この記事を最後まで読めば、それぞれの水族館の魅力がはっきりと分かり、どちらへ足を運ぶべきかスッキリと決まるはずですよ。
私たちと一緒に、あなたにぴったりの沖縄の海を探しに行きましょう。
- 💠 美ら海水族館とかりゆし水族館の決定的なコンセプトの違い
- 💠 那覇空港からのアクセスや所要時間、最新の入館料金
- 💠 旅の目的やスケジュールに合わせた賢い選び方のヒント
あなたの旅の目的とスケジュールに合わせて選ぶのが最適です
結論からお伝えしますと、美ら海水族館とかりゆし水族館のどちらを選ぶかは、「沖縄観光にかけられる時間」と「何に感動したいか」で決まります。
「ジンベエザメが泳ぐ圧倒的なスケールの海を見たい」という方や、北部ドライブを楽しみたい方は美ら海水族館がおすすめです。
一方で、「空港から近くでサクッと楽しみたい」「最新の映像技術と生き物のコラボレーションを体感したい」という方にはDMMかりゆし水族館がぴったりなんですね。
どちらも素晴らしい施設であることは間違いありませんが、旅の拠点がどこか、移動に何時間使えるかによって満足度が大きく変わってきます。
例えば、滞在期間が短い中で無理に北部の美ら海まで行こうとすると、移動だけで1日が終わってしまうかもしれません。
ゆったりとしたスケジュールを組むことが、沖縄を楽しむ最大のコツだと言えるでしょう。
まずは、それぞれの施設がどのような特徴を持っているのか、具体的な理由を詳しく見ていきましょうね。

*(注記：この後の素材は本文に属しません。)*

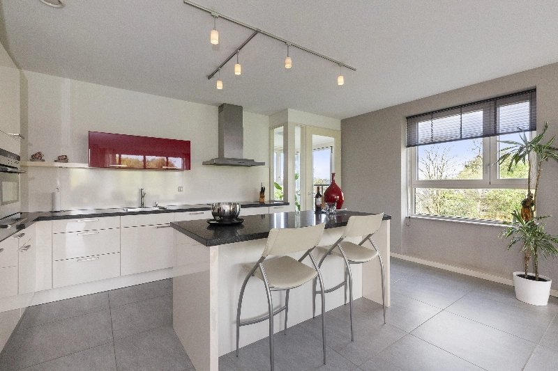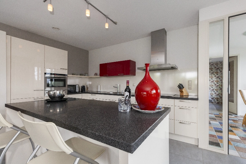 Een tussendeur met glas brengt u in de heerlijke ruime woonkamer met de mooie lichte hoogglans hoekkeuken met een zwart hardstenen aanrechtblad en een werkeiland met eetbar. De keuken is voorzien van een inductiekookplaat, een RVS afzuigkap, een combi-oven, een koelkast, een vriezer en een vaatwasser.
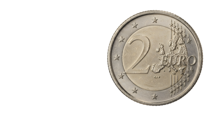 Close-up of a 2 Euro coin showcasing its intricate design and details with a neutral background for stock use

なぜ選ぶべき場所が変わるのか?3つの大きな違いを解説します
「どうしてそんなに違うの?」と疑問に思うかもしれませんね。
実は、運営している母体もコンセプトも異なるため、それぞれの水族館が提供している「体験」の質が全く別物なんです。
1. 立地と移動時間の圧倒的な差
まず、私たちが一番注意しなければならないのが「場所」です。
沖縄美ら海水族館は、本島北部の本部町(もとぶちょう)にあり、那覇空港からは車で約2時間ほどかかります。
往復だけで4時間以上かかる計算になりますから、まさに1日がかりの大冒険になりますよね。
一方のDMMかりゆし水族館は、那覇空港から車で約20分という驚きの近さにあります。
「最終日のフライト前にちょっと立ち寄る」といった過ごし方ができるのが、かりゆし水族館の強みなんですね。
移動の負担を減らしたいなら、断然かりゆし水族館が有利だと言えるでしょう。
でも、北部へのドライブは沖縄らしい絶景が続くため、移動そのものを楽しみたい方には美ら海への道中も魅力の一つになりますよ。
2. リアルな生態展示か、エンタメ重視の演出か
展示の内容も、驚くほど個性が分かれています。
美ら海水族館は「沖縄の海を丸ごと再現する」という、非常に学術的でスケールの大きな水族館です。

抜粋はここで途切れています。